自分でデキるとか言ったからな。たしかにデキたよ、少し前の自分の姿とな。お前の体を填められて多分、ハメ返してやれてちょっと溜飲下がったわ。

“詭弁ですよそれ…。うぅ、こんな事で初めてを散らせたくなかった…”

んじゃ聞くが、もう一度生まれた時どんなシチュで散らせたいんだ?

“そりゃ勿論、大好きな人とですよ! 痛くならないように優しく、ちゃんと前戯もしてくれて、女として大事に抱いてくれるようなシチュエーションを望んでいたのに…”

…そか。んじゃそうできるよう、頑張らないとな。

“…え、何を頑張るんです?”

その前に1つ聞きたい。お前、もう一度生きてみたいか?

“は? そりゃこんな幽霊の姿なんてもう15年経って懲りましたけど…”

んじゃもう1つ。…俺の胎で産まれなおす気はあるか?


さらに3年後。

「おとかーさんおとかーさん、大ニュースです!」

朝から騒がしいよ、どうした?



「見てください、勃ちました!」

誇らしげに見せるな。

…結局あの後、俺は山村さん式に自家受精し、子供としてあの幽霊を産み落とした。産まれが真っ当過ぎない為か常人の数倍の速度でさっさと成長し、今では大体出会った時と同じくらいの年齢になっている。
年齢と言う点に目を瞑れば見た目は全く一緒なのだが。股間のキャノンもきちんと遺伝したのだが。
どうにか仕事も見つけて我が娘とも暮らし、「おとかーさん」として生きられている日々だ。

「おとかーさん!」

抱き付いてきた娘が、俺の体にキャノンを押し当てている。どうした娘よ、男の勃起した感覚は初めてか。

「当然です! こんなにムラムラするなんて…、おとかーさんが毎日センズリしてた気分が解りました!」

解ってる、前と何ら変わらずおバカなこの娘を放置しておくとどうなるかなんてくらい。
こらやめなさい、パンツを脱がそうとするんじゃない。自分で脱ぐから。

「私が産まれたおとかーさんのあそこで筆下し…。

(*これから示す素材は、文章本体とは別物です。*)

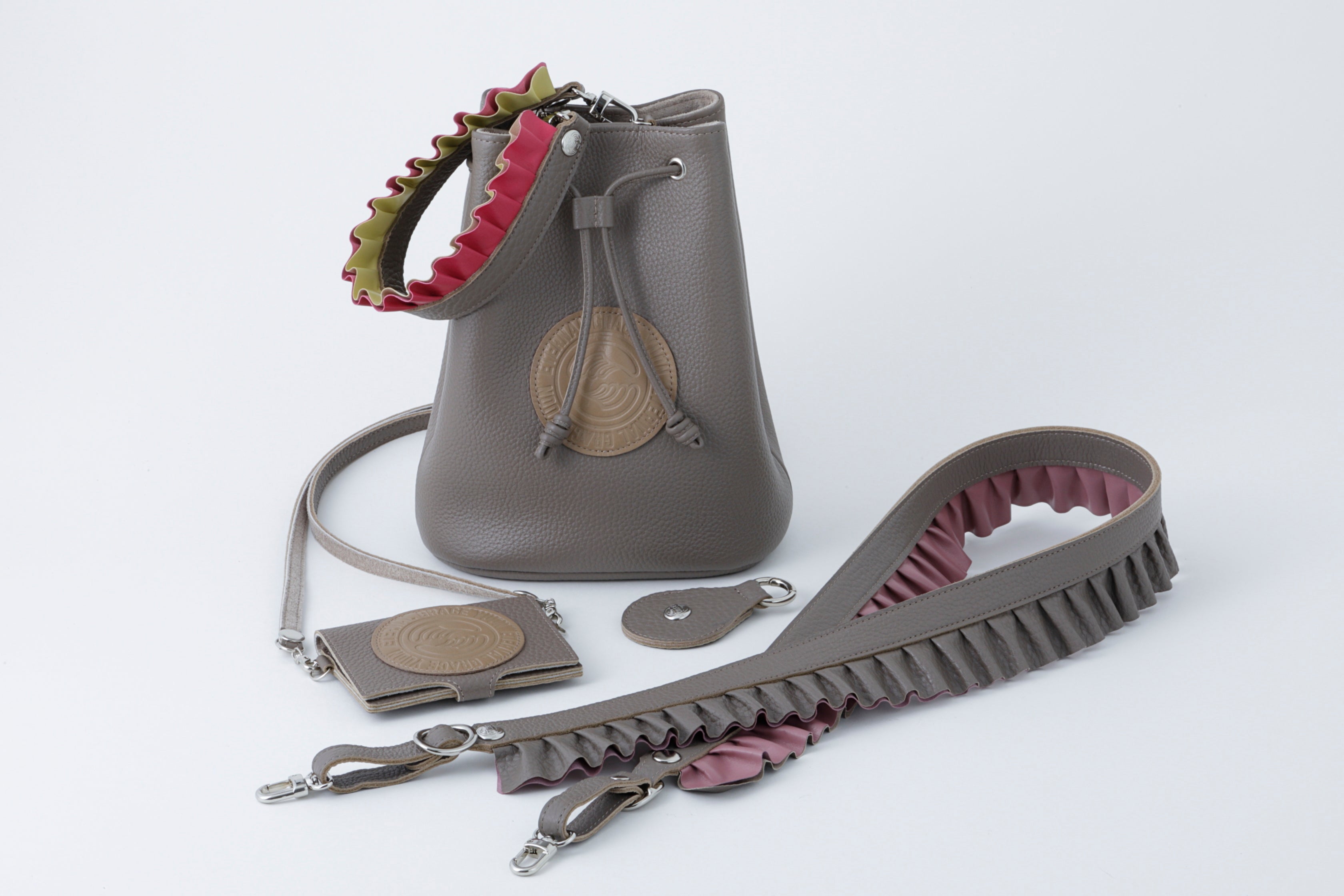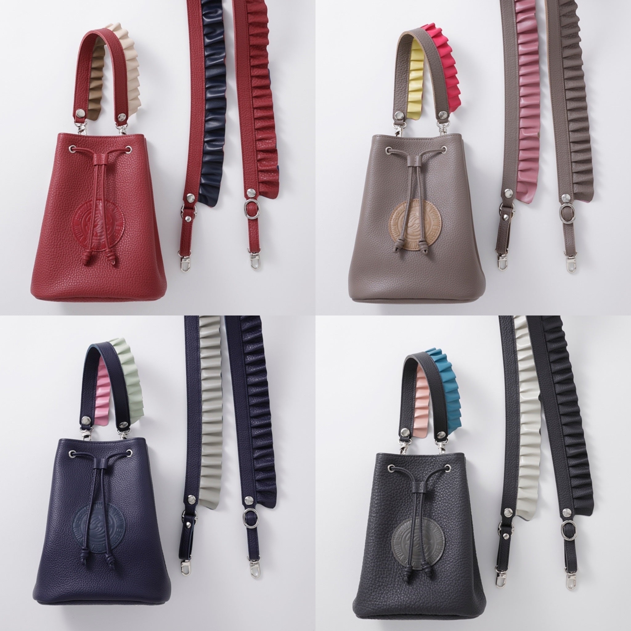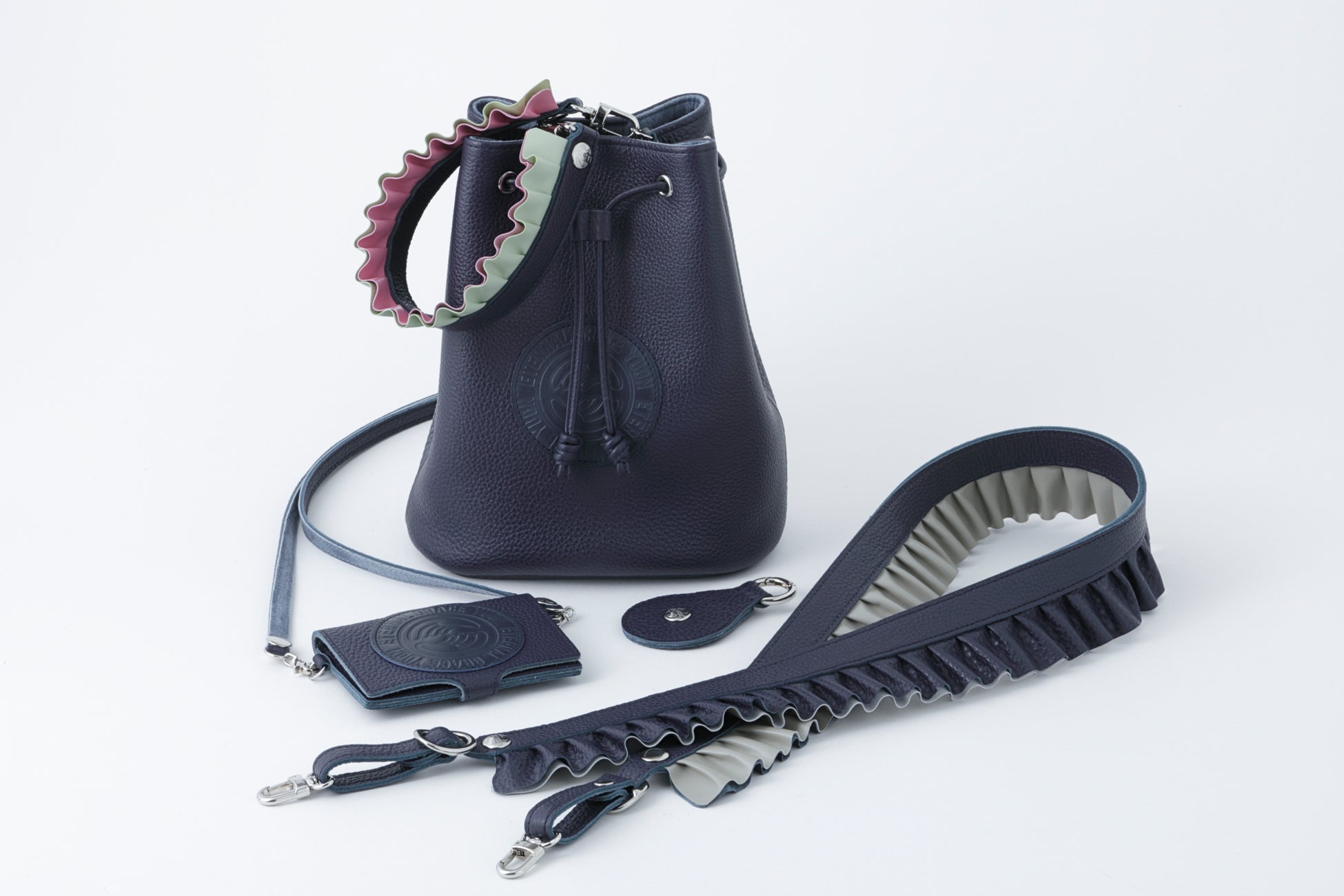 カラフルな質感の違う牛革がアクセントになり、ハンドルとショルダーはリバーシブル。
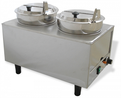 Winco 51072P Benchmark Dual Well Warmer 2 Well 7 Qt Stainless Steel Adjustable Thermostat 1200 Watts
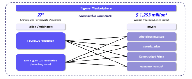 Figure's marketplace creates standardized assets with uniform underwriting, common documentation, and instant blockchain settlement. As third-party originators onboard via validator layers, network effects compound: more originators → more standardized loans → more buyers → deeper liquidity → more originators.
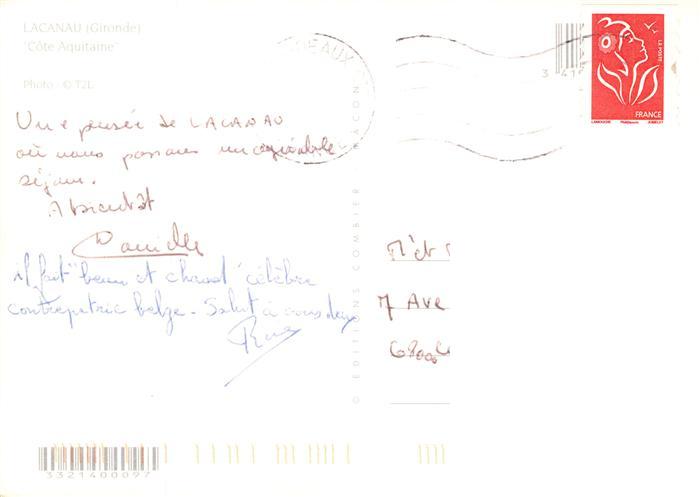 13947956 Lacanau 33 Gironde Kuestenpanorama Luftaufnahme Surfen Waldpartie postalisch gelaufen Erhaltung siehe scans [FriedD77] carte postale Frie Katcode 11170033233214
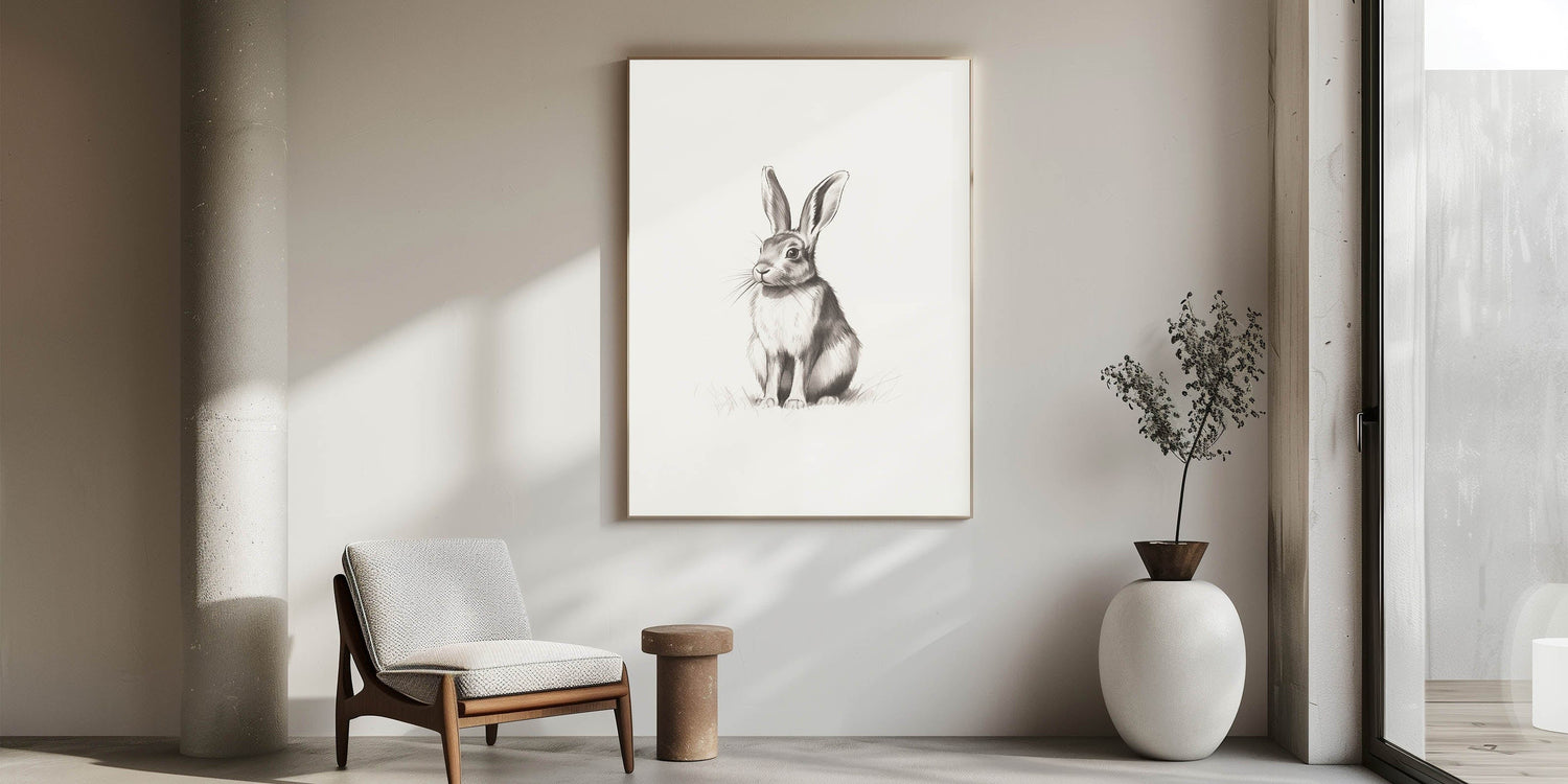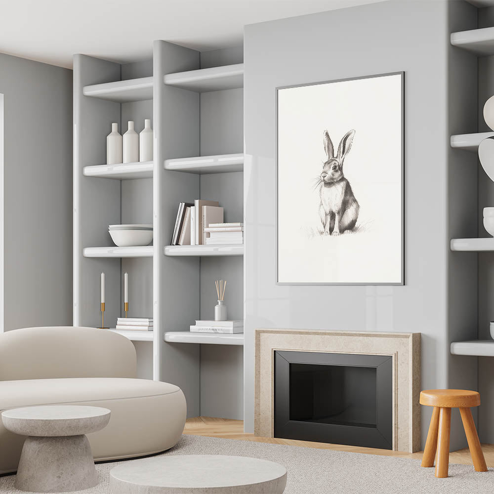 Embrace the beauty of simplicity with this Winter Wall Art, featuring a delicate black-and-white sketch of a rabbit. This Winter Canvas Art captures the elegance of minimalism, making it a perfect choice for modern and rustic interiors. The clean lines and soft shading of the design highlight the charm of Winter Scene Wall Art, adding a touch of warmth and sophistication to your space.
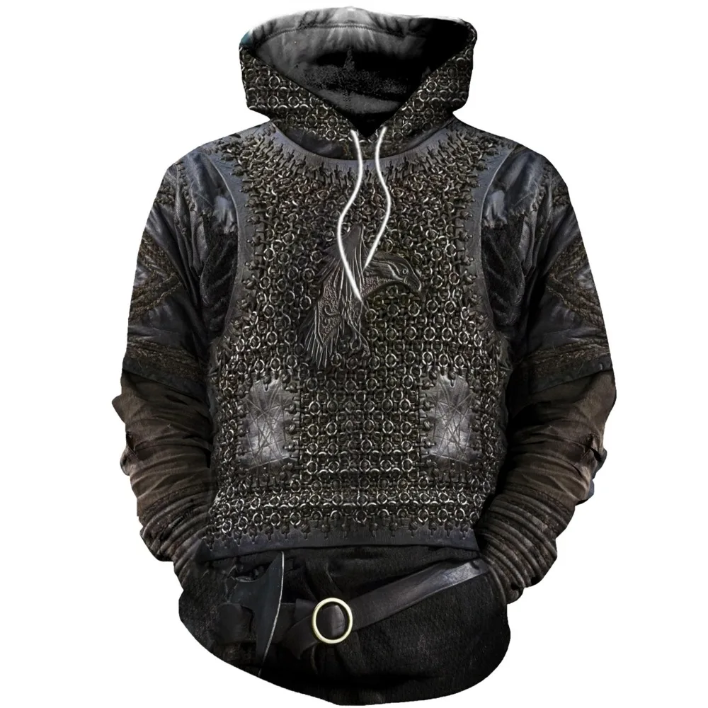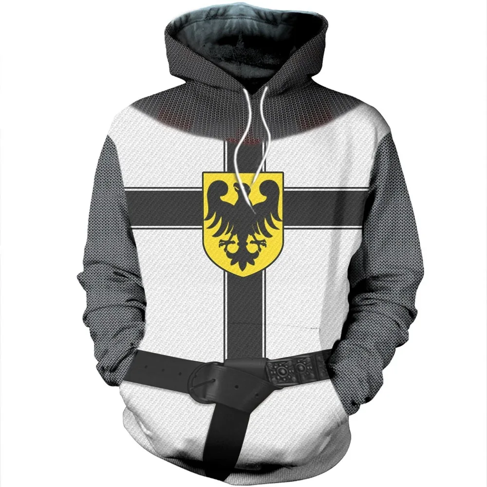 Толстовка мужская с капюшоном, кофта с 3D-принтом средневекового рыцаря, доспехов, тампларов, Харадзюку, куртка унисекс, косплей, Прямая поставка
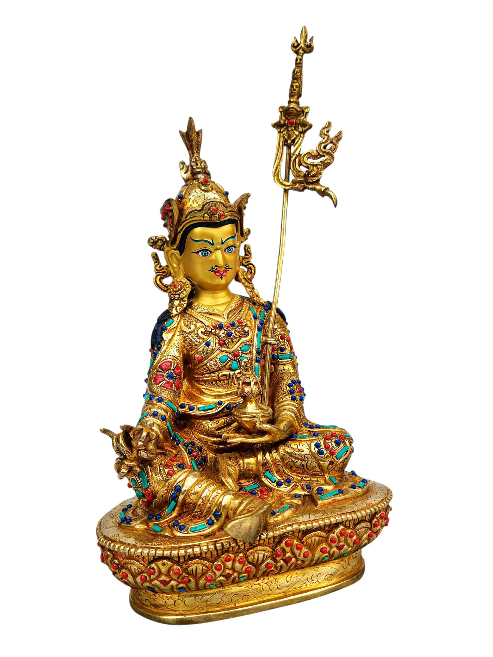Padmasambhava, Buddhist Handmade Statue, Full Gold Plated, Stone Setting, Face Painted , The lotus-born master, wisdom beyond time
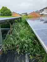写真はアレイ間に防草シートは貼ってあるものの、隙間から雑草が
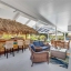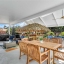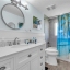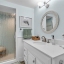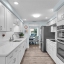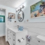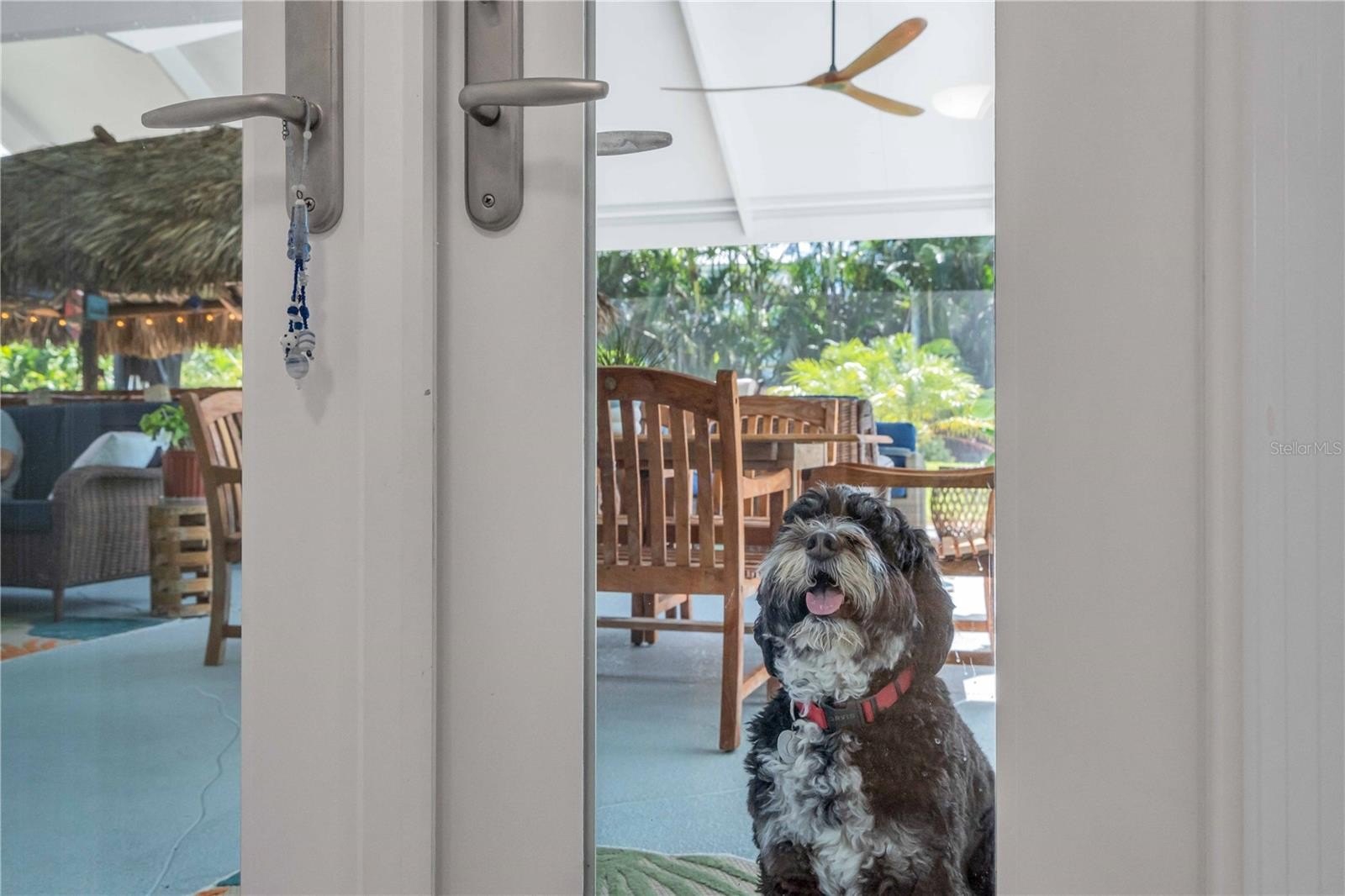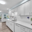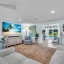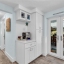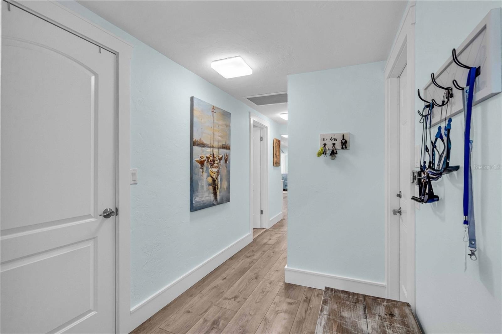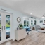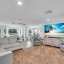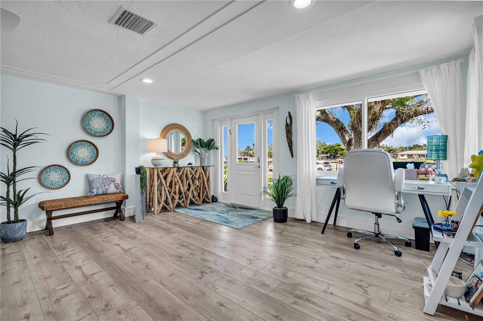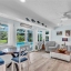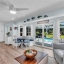 Inside, the home continues to impress with clean coastal finishes and modern functionality. The kitchen is bright and welcoming, with white cabinetry, quartz countertops, stainless steel appliances, and convenient slide-out pantry drawers. A built-in banquette offers the perfect casual dining spot, in addition to a more formal dining area. Both bathrooms are updated with quartz countertops and coastal-inspired cabinetry, including charming manatee cabinet knobs that add a playful touch. Storage is abundant throughout thanks to custom California Closets, and peace of mind comes easy with all-new plumbing (2023), a new roof (2022), and impact-resistant windows and sliding glass doors that let the natural light pour in.
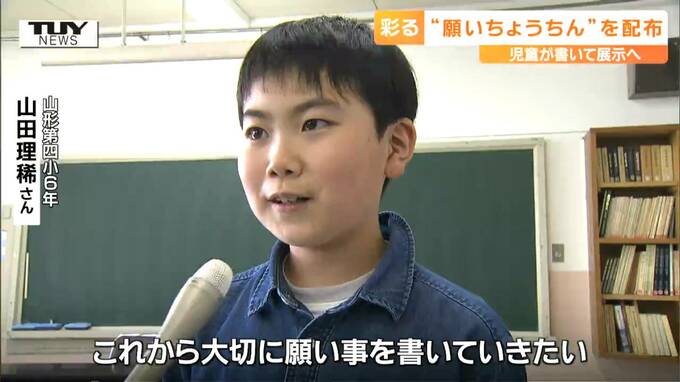 山形第四小学校6年生 山田理稀さん「これから大切に、願い事を書いていきたい。いま世界中で戦争とかしてる国がたくさんあるので、世界平和と書きたい」
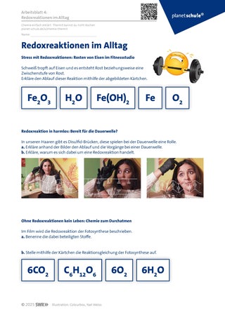 Die im Film gezeigten weiteren Redoxreaktionen (Rosten, Dauerwelle, Fotosynthese) werden gemeinsam analysiert. Dazu kann Arbeitsblatt 4 „Redoxreaktionen im Alltag“ verwendet werden.
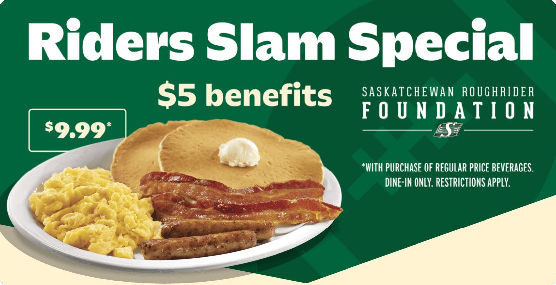 Join us the day before the next 2025 Roughriders Home Game at any of our 4 Saskatchewan locations for a special $9.99 Original Grand Slam!
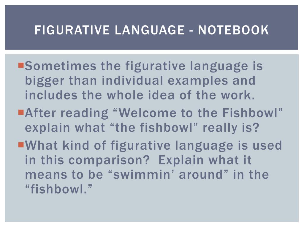 FIGURATIVE LANGUAGE - NOTEBOOK • Sometimes the figurative language is bigger than individual examples and includes the whole idea of the work. • After reading “Welcome to the Fishbowl” explain what “the fishbowl” really is? • What kind of figurative language is used in this comparison? Explain what it means to be “swimmin’ around” in the “fishbowl.”

ようやく、あの時ヤられた雪辱が果たせます!」

娘は勢いよく俺の膣に挿入してくる。
こんな事になるとは、初めて会った時から想像できるはずも無かったな。ん、あん…♪


「おとかーさん…、もうダメです…」

はいはいゆっくりお休み。
ベッドの上で娘がぐったりと倒れてる。男としての年季が違うんで、搾り取らせてもらった。

シャワーを浴びて汗を流し、股座から溢れる精液を洗っていく。
まったく娘め、妹でも作る気で注ぎ込んで。…避妊薬を飲んでて正解だったかな。

浴室の鏡に自分を写しながら、改めて思う。あっという間の8年だったよなと。
もうアイツに出会ってしまったのが運の尽きと思う事でどうにか付き合ってきた。アイツにとって二度目の生を得るかと聞いた事も、いなくなると寂しいと思ってしまったからだし。
関係が変わっても、そこは仕方ないと割り切ることにしているし、アイツがいれば退屈だけはしないと思っていた。
それが間違いなかった訳で。

胸を掬い上げ、男性自身を撫でる。
こんな形でも親になってしまったのだから、まかり間違って娘の乙女を奪わないようにしておかないと。
出てきた俺の精液を排水溝に落とし、気だるげに息を吐く。

…ま、好きになった女の面倒見るのも男の甲斐性だと思っておこう。

願わくば娘がバカな理由で死にませんように。
どうでもいいことですが、失踪宣告は7年でアウト扱いでした。